Information supplied:
• • • • •
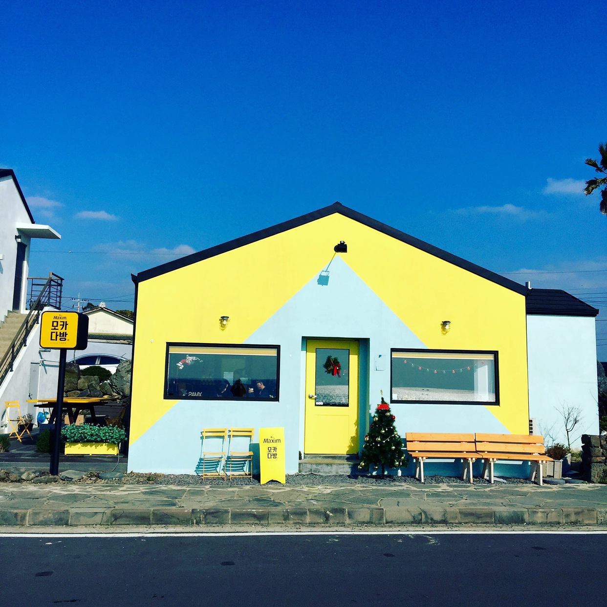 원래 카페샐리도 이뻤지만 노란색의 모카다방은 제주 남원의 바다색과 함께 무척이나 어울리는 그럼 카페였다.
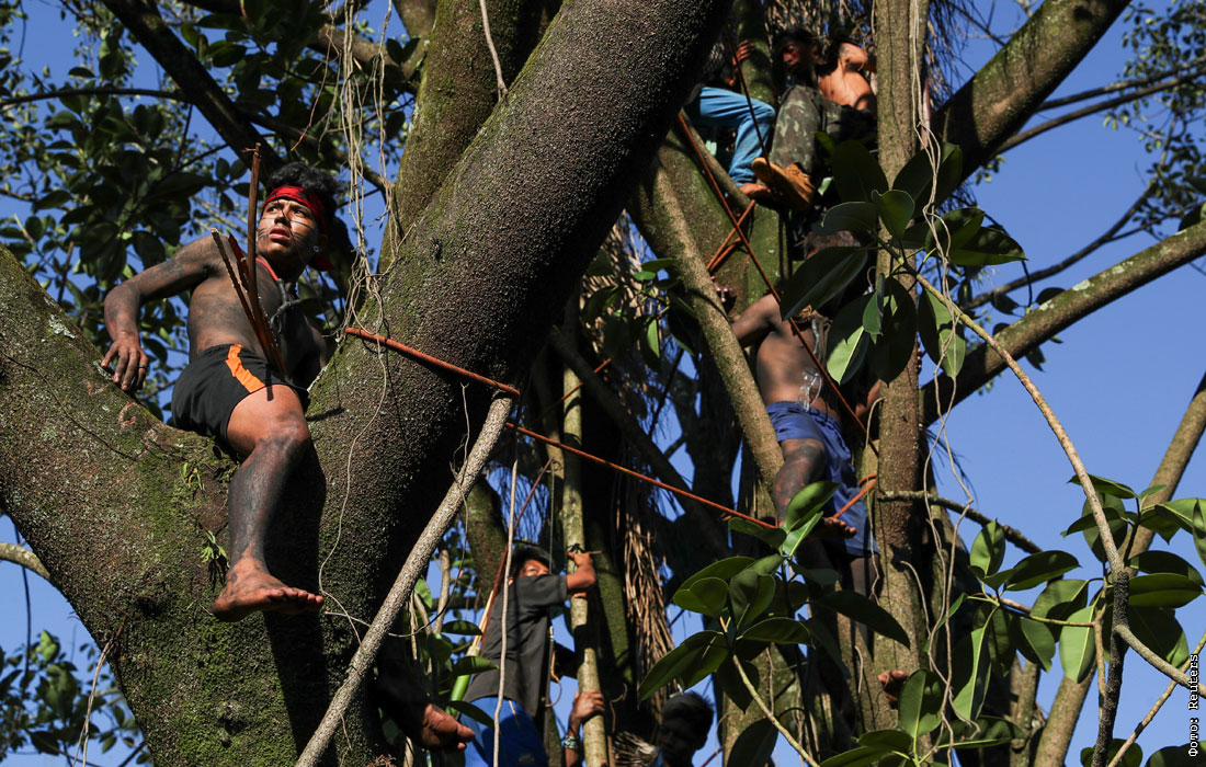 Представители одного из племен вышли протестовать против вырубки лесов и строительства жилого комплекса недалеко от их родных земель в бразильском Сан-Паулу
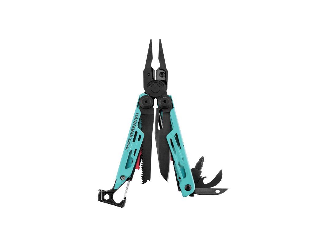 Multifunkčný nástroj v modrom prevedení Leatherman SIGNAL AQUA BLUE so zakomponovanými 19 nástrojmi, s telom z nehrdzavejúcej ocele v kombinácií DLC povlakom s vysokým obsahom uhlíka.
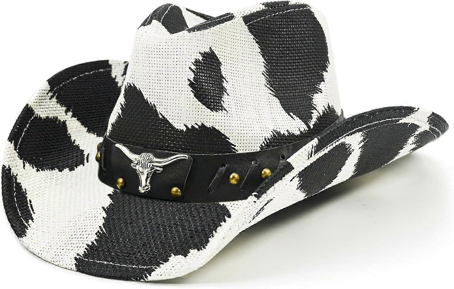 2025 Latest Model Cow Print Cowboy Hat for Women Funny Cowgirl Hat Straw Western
• • • • •
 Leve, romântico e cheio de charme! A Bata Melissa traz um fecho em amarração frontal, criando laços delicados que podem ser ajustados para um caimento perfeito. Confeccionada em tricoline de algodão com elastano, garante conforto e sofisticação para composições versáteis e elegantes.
• • • • •
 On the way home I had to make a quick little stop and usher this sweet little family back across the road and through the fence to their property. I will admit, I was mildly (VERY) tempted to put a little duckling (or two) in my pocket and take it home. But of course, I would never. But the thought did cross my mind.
• • • • •
Problem details:
Nothing but the lines above from the one that has "원래 카페샐리도 이뻤지만" down to the one that has "2025 Latest Model" belongs in the answer, copied exactly, without pictures.

Output of the exercise:
 원래 카페샐리도 이뻤지만 노란색의 모카다방은 제주 남원의 바다색과 함께 무척이나 어울리는 그럼 카페였다.
 Представители одного из племен вышли протестовать против вырубки лесов и строительства жилого комплекса недалеко от их родных земель в бразильском Сан-Паулу
 Multifunkčný nástroj v modrom prevedení Leatherman SIGNAL AQUA BLUE so zakomponovanými 19 nástrojmi, s telom z nehrdzavejúcej ocele v kombinácií DLC povlakom s vysokým obsahom uhlíka.
 2025 Latest Model Cow Print Cowboy Hat for Women Funny Cowgirl Hat Straw Western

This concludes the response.